Thankfully, most of the patches grew back. My hair was still very fine and very thin, but it worked. No on could tell I had lost so much hair. At least if they did, they never said anything to me about it, for which I am grateful. I was so fragile back then, who knows what that added weight would have done to me.

Now if that was where my story ended, it would be great. However, along with medication taking my hair, genetics are against me. Because the hair loss started so early and the genes handed down to me, the hair at the crown of my head never grew back in right. In 2014 I shaved my head, partially for St. Baldrick's and partially because I hoped shaving my head would help promote new growth. It didn't. Instead, while most of my hair grew out just as fine and thin as before (but healthy for the first time in ages) the crown of my head had gone into early retirement. I've been pretty successful at hiding it, but it's becoming increasingly difficult to do so as the giant bald patch on the top of my head spreads. I noticed just how big it was yesterday when trying to put my hair in a cute style, and lost it. I literally sat in my bathroom and just cried.

I've tried natural and chemical hair loss treatments, all of which only made more hair fall out. I have wigs and I've worn them before, but I can't style them the way I like to style hair. Either way, I feel like less of a woman. Let me tell you, when I was sobbing in my bathroom, Satan used that as a prime opportunity to slip in and remind me about all of my other imperfections and how I'm pretty much going to be alone for the rest of my life because what man could ever want that?

It was a struggle, but I made myself go to Celebrate Recovery last night, and I'm glad I did. It was freeing to share my struggles in such a safe place, to confess how much I was hurting to room full of women who, while probably unable to empathize, could certainly sympathize and offer me support just by listening. I needed that.

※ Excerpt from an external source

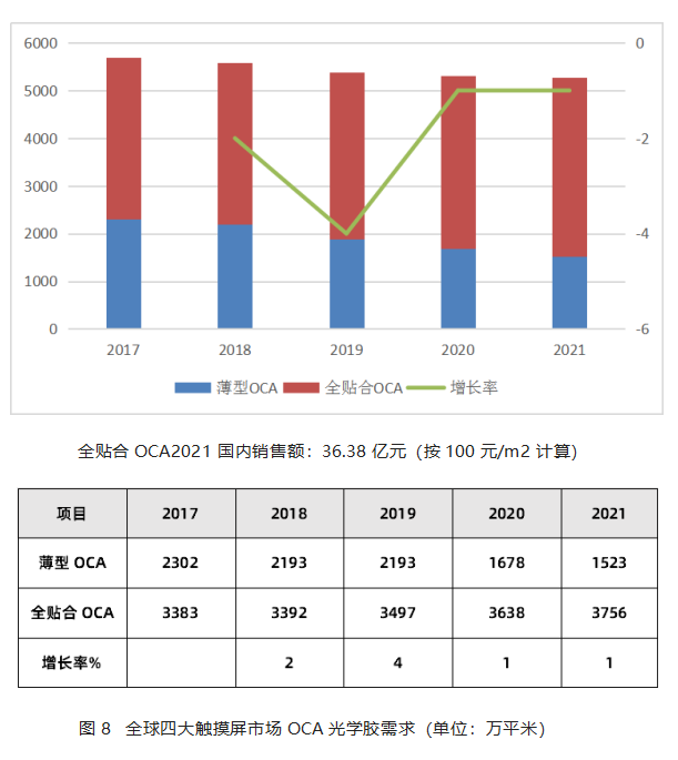 根據(ju)研究機(ji)構于2019年(nian)的(de)調(diao)研數據(ju),2018年(nian)全球(qiu)四大(da)觸摸屏市(shi)場(chang)(智能手機(ji)、平(ping)板電(dian)腦、筆記本電(dian)腦及車載顯示(shi)市(shi)場(chang),不包括返修市(shi)場(chang),下(xia)同)OCA光(guang)學(xue)膠需求量(liang)為(wei)(wei)5586萬(wan)平(ping)米,預計到2021年(nian),全球(qiu)四大(da)觸摸屏市(shi)場(chang)OCA光(guang)學(xue)膠需求量(liang)為(wei)(wei)5279萬(wan)平(ping)米,復合增(zeng)長(chang)率為(wei)(wei)-1.8%,整體市(shi)場(chang)呈下(xia)滑趨勢,但市(shi)場(chang)用量(liang)仍然巨大(da)。

This morning, God and I had a talk. Let me tell you a little bit about my relationship with my heavenly Dad. He likes to pick on me. Being who He is, He knows sarcasm is one my love languages, and when we are deep into conversation with one another, he isn't afraid to slip a little snark in. I won't go into my prayer time because it's special and sacred to me, but long story short, I decided to try out the whole wig thing again. But this time it will be different. This time I'm not doing it to hide, to fade into the background and blend in. This time I am doing it with confidence. And a little adventure. I have two brunette wigs, a blonde, and a pink. I'm not going to be afraid to wear any of them, anywhere. Heck, I may even show up to church one day with rainbow colored hair. God doesn't care what color my hair (or my fake hair) is. He cares that I'm there. He cares that my heart is His and it longs to seek after Him and worship Him, and that is why I am there.

I'd really wanted to do this in a vlog because I tend to ramble on when I write, but also because I know this is a secret shame of a lot of women. Hair loss is not just for men, y'all. Not to take away from the pain men go through when losing their hair, but it's worse for a woman. Trust me on this. I don't think I've seen a bald or balding man yet that didn't wear it well when he owned it. It's hard to do that as a woman.